—Eso no es natural. Debe tener en la carne algo que no quiere irse—afirmaban sentenciosamente algunas mujeres.

Para todas ellas, obligadas á ir varias veces al día con un cántaro á cuestas de su vivienda al río, el carro del tonel representaba el más inaudito de los lujos. ¡Un baño diario en aquel país, donde el menor soplo de viento levantaba columnas de tierra suelta, tan enormes y violentas, que obligaban á encorvarse para resistir mejor su empuje!… Como muchas de estas mujeres llevaban aún en sus cabelleras y en los dobleces de sus ropas el polvo de semanas antes, las enfurecía tal derroche de agua, como una injusticia social.

Una, para consolarse, recordó malignamente al ingeniero Torrebianca.

—¡Y será capaz de venir esta tarde con los queridos de su mujer!… Parece imposible que un hombre sea tan… ciego. Deben marchar de acuerdo los dos.

Todos los que no estaban invitados á la fiesta y pretendían verla de lejos, apoyados en la alambrada, se consolaban de su preterición hablando contra la Torrebianca, sus amigos y su marido.

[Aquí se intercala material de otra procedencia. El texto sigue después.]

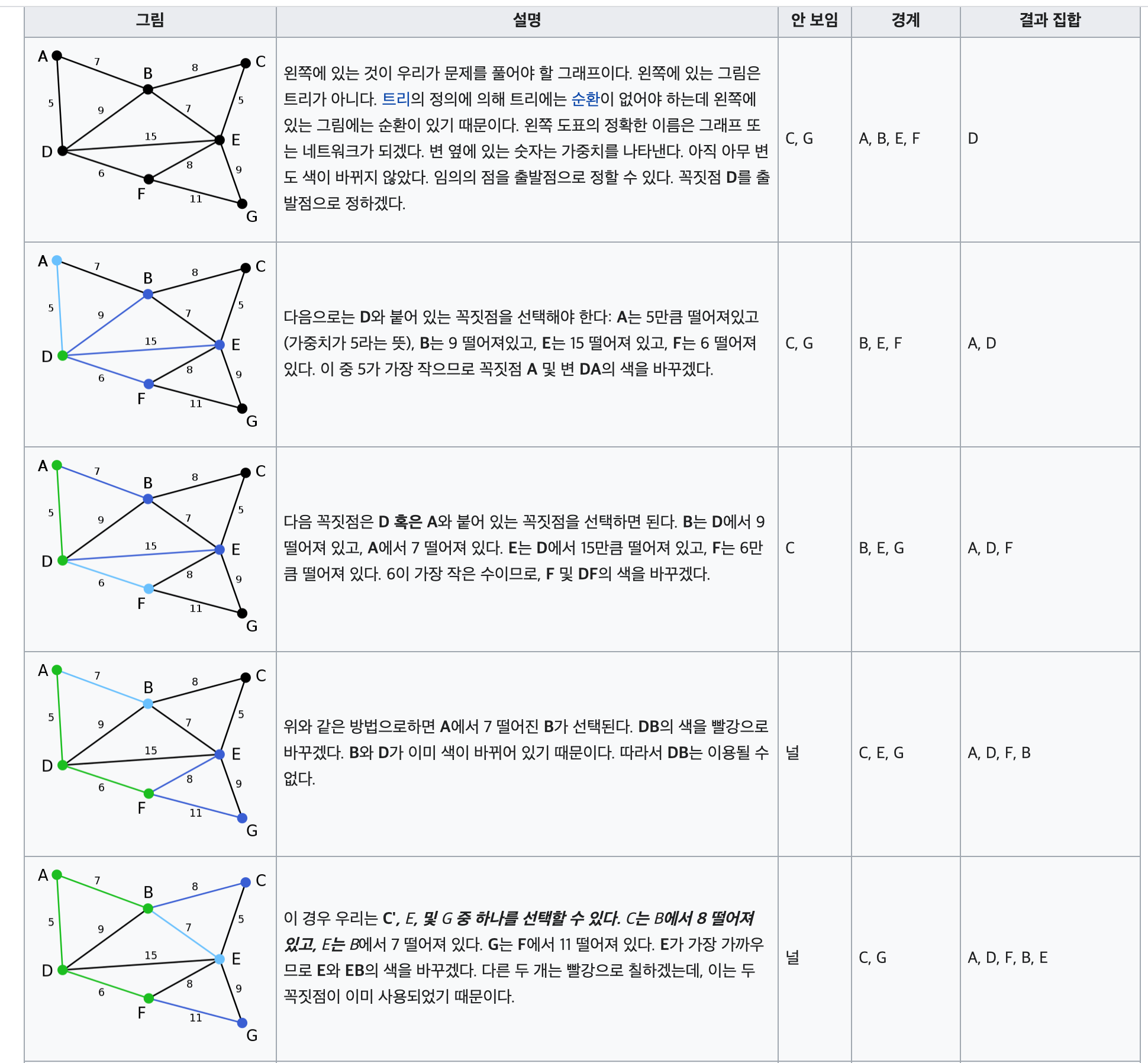 (step 1에서 찾은 간선도 같이 T에 포함됩니다.)

Pasó Celinda á caballo, entre los grupos, lentamente y mirando con hostilidad el parque improvisado. Luego, para no oir los escandalosos comentarios de aquellas mujeres, se alejó hacia el pueblo.

González, sin perder de vista la preparación de las mesas, hablaba á unos parroquianos de su establecimiento, mostrándoles el río. Era propicia la ocasión para repetir, con una gravedad doctoral, muchas cosas oídas á su compatriota Robledo.

Los indios habían dado á este río su nombre de Negro por los sufrimientos que les costaba remontarlo, á causa de su rápida corriente. Los descubridores españoles lo titularon río de los Sauces, por la gran cantidad de árboles de esta especie que cubría sus orillas. Habían disminuido mucho ahora, pero aún representaban el mayor obstáculo para su navegación, pues los troncos y raigones impulsados por la corriente batían como arietes á los barcos, quebrantándolos. Durante dos siglos había permanecido inexplorado, creyendo los descubridores españoles—á causa de los informes de los indígenas—en la posibilidad de navegar por él hasta Chile, lo que haría del río de los Sauces un canal entre el Atlántico y el Pacífico menos lejano que el estrecho de Magallanes.

Un misionero inglés intentaba su exploración para que su patria se apoderase de este paso, lo que la permitiría atacar cómodamente las colonias de España situadas al borde del Pacífico.

—Entonces fué cuando los españoles, que habían tenido tantas cosas en qué ocuparse, por ser dueños de la mayor parte de América, creyeron necesario explorar el río.